Print nothing beyond the line with "为什么换为valuation": every line from the beginning of the data up to it, that line included, and no pictures.

(RECORD SET Opens)

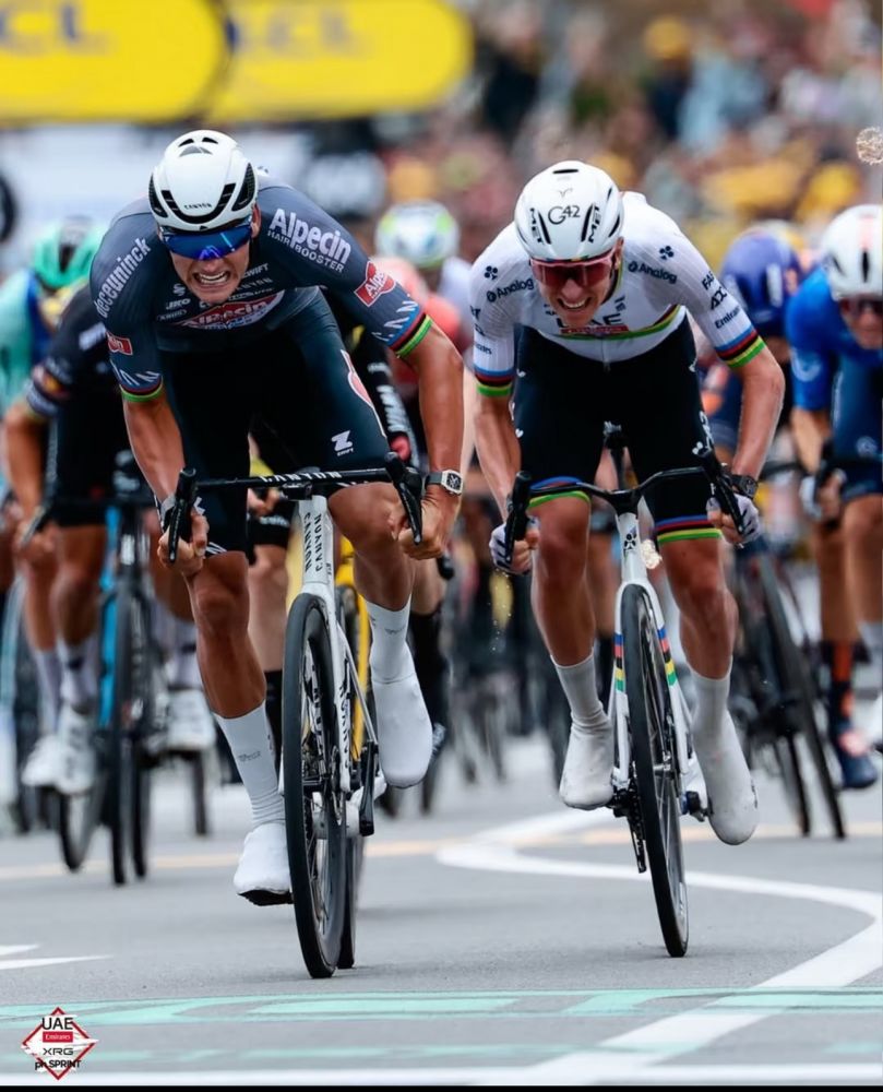 最后一公里,他开始发射,波加查和卖鱼哥紧跟其后,当然身材相对瘦小的他们,怎么搞得过荷兰炮神MVDP,最后MVDP毫无悬念获得赛段冠军。
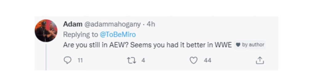 A fan then suggested that Miro had it better in WWE. Interestingly enough, Miro ended up liking that fan’s tweet, seemingly suggesting that he agrees with the fan.
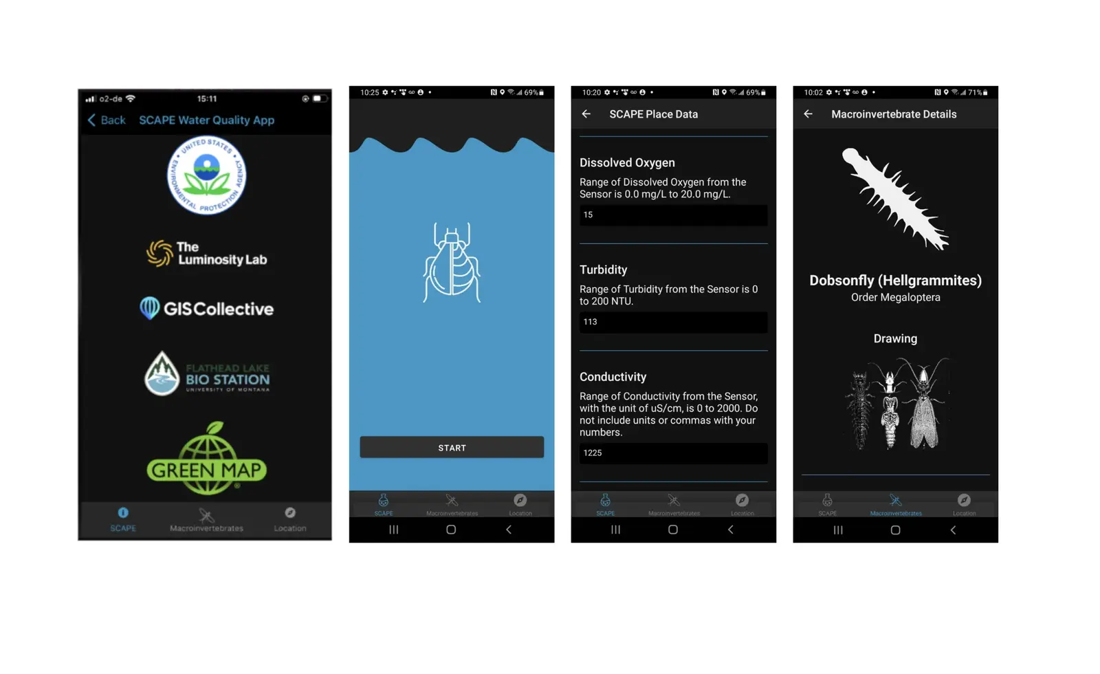 The SCAPE Water Quality App project is led by Professor Dan Collins and was developed with the help educators, scientists, designers, and programmers at the Herberger Institute for Design and the Arts at Arizona State University in Tempe, Arizona, the Luminosity Lab at ASU, the Telluride Institute in Telluride, Colorado, the GIS Collective in Berlin, Germany, and the Green Map System in New York.
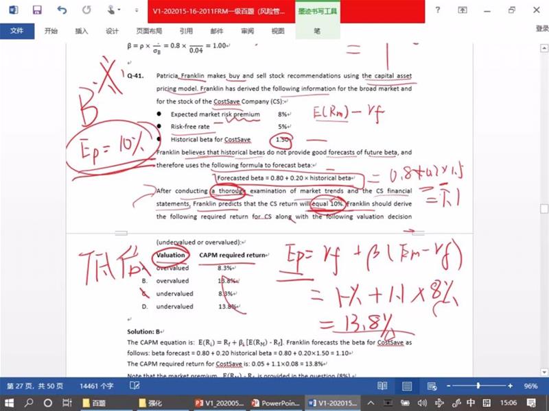 为什么换为valuation选啊,是换的哪里的return呀,题干中的还是选项中的
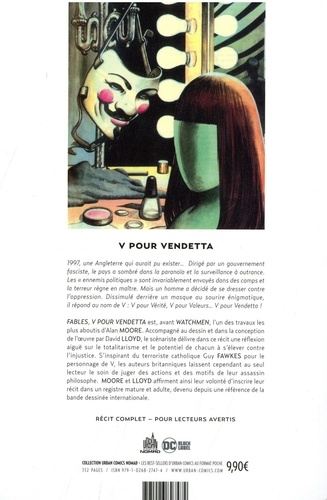 1997, une Angleterre qui aurait pu exister... Dirigé par un gouvernement fasciste, le pays a sombré dans la paranoïa et la surveillance à outrance. Les "ennemis politiques" sont invariablement envoyés dans des camps et la terreur règne en maître. Mais un homme a décidé de se dresser contre l'oppression. Dissimulé derrière un masque au sourire énigmatique, il répond au nom de V : V pour Vérité, V pour Valeurs... V pour Vendetta !
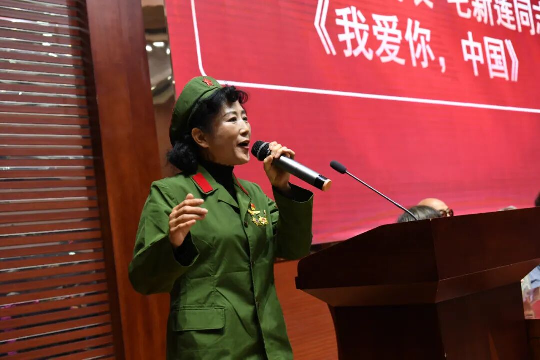 退役军人代表毛新莲演唱了《唱支山歌给党听》《我爱你·中国》。
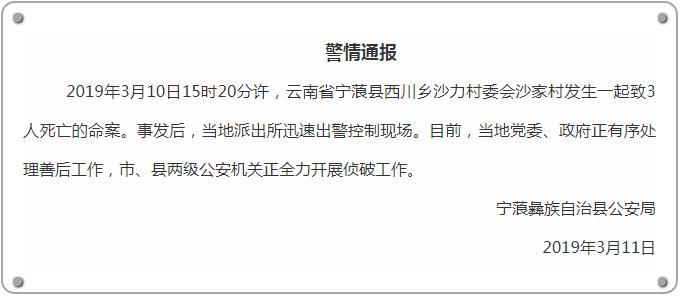 (原标题:云南省宁蒗县发生一起致3人死亡案件 警方已控制现场)

(RECORD SET Closes)

**SOLUTION FOR THIS PROBLEM**
 最后一公里,他开始发射,波加查和卖鱼哥紧跟其后,当然身材相对瘦小的他们,怎么搞得过荷兰炮神MVDP,最后MVDP毫无悬念获得赛段冠军。
 A fan then suggested that Miro had it better in WWE. Interestingly enough, Miro ended up liking that fan’s tweet, seemingly suggesting that he agrees with the fan.
 The SCAPE Water Quality App project is led by Professor Dan Collins and was developed with the help educators, scientists, designers, and programmers at the Herberger Institute for Design and the Arts at Arizona State University in Tempe, Arizona, the Luminosity Lab at ASU, the Telluride Institute in Telluride, Colorado, the GIS Collective in Berlin, Germany, and the Green Map System in New York.
 为什么换为valuation选啊,是换的哪里的return呀,题干中的还是选项中的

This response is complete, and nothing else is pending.